Correct Answer - Option 1 : x – 2y + z = 0
Calculation:
Let the direction ratios of the plane containing lines \(\frac{x}{3} = \frac{y}{4} = \frac{z}{2}{\rm{\;and\;}}\frac{x}{4} = \frac{y}{2} = \frac{z}{3}{\rm{\;is}}\left\langle {\hat i,\hat j,\hat k} \right\rangle\)
The plane normal to the plane containing two given lines is:
\(\Rightarrow {n_1} = \left| {\begin{array}{*{20}{c}}
{\hat i}&{\hat j}&{\hat k}\\
3&4&2\\
4&2&3
\end{array}} \right|\)
\(\Rightarrow {n_1} = \hat i\left( {12 - 4} \right) - \hat j\left( {9 - 8} \right) + \hat k\left( {6 - 16} \right)\)
\(\Rightarrow {n_1} = \hat i\left( 8 \right) - \hat j\left( 1 \right) + \hat k\left( { - 10} \right)\)
From question, the plane containing above two lines and another plane is perpendicular to each other.
\(\Rightarrow \left( {8\hat i, - 1\hat j, - 10\hat k} \right) \times \left( {2\hat i + 3\hat j + 4\hat k} \right)\)

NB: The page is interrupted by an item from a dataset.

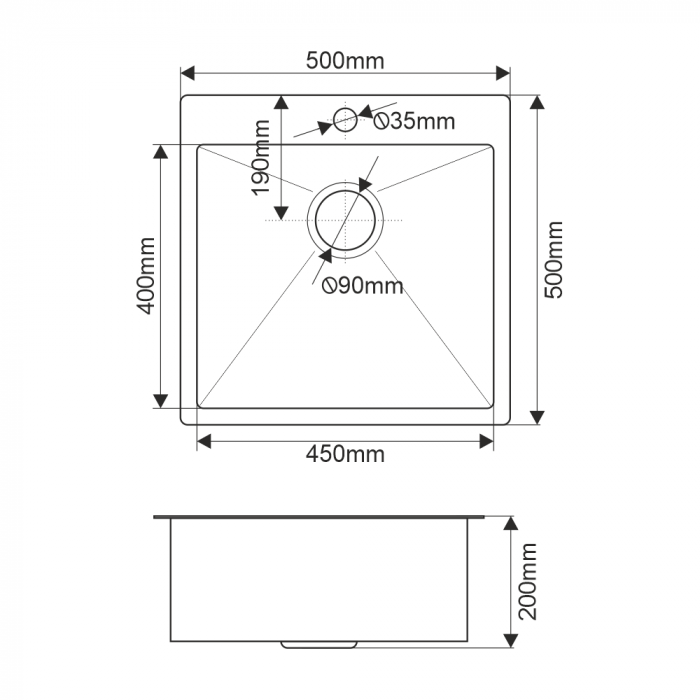 Мойка R5050H MELANA ProfLine 3,0/200 САТИН врезная квадратная MLN-R5050H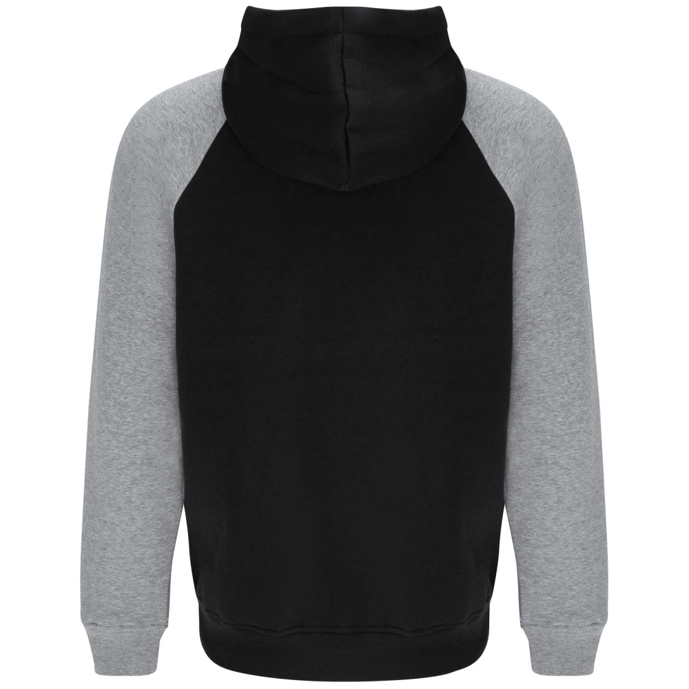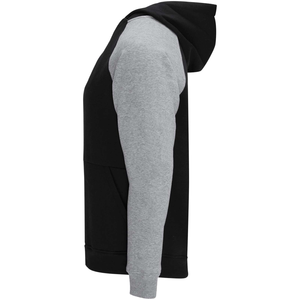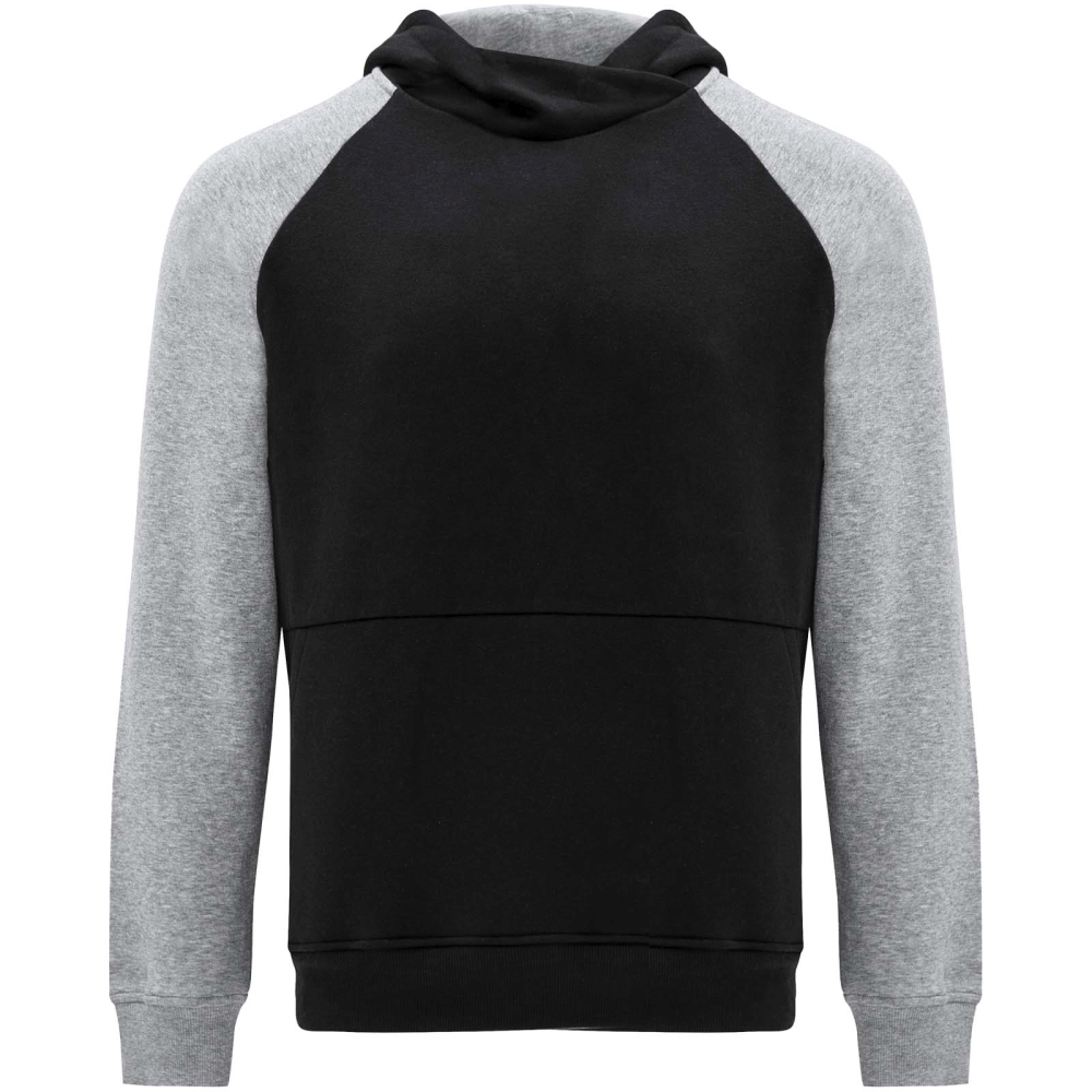 Two-colour unisex hoodie. Hood with crossed neck and metal eyelets. Contrasting inner hood, drawcord and raglan sleeves. Kangaroo pocket. Cuffs and hem in 1x1 elastane rib knit. Removable label.

\(\Rightarrow \left| {\begin{array}{*{20}{c}}
{\hat i}&{\hat j}&{\hat k}\\
8&{ - 1}&{ - 10}\\
2&3&4
\end{array}} \right| = 0\)
\(\Rightarrow \hat i\left( { - 4 + 30} \right) - \hat j\left( {32 + 20} \right) + \hat k\left( {24 + 2} \right) = 0\)
\(\Rightarrow \hat i\left( {26} \right) - \hat j\left( {52} \right) + \hat k\left( {26} \right) = 0\)
\(\therefore \left( {\hat i - 2\hat j + \hat k} \right) = 0\)
Therefore, equation of plane is x - 2y + z = 0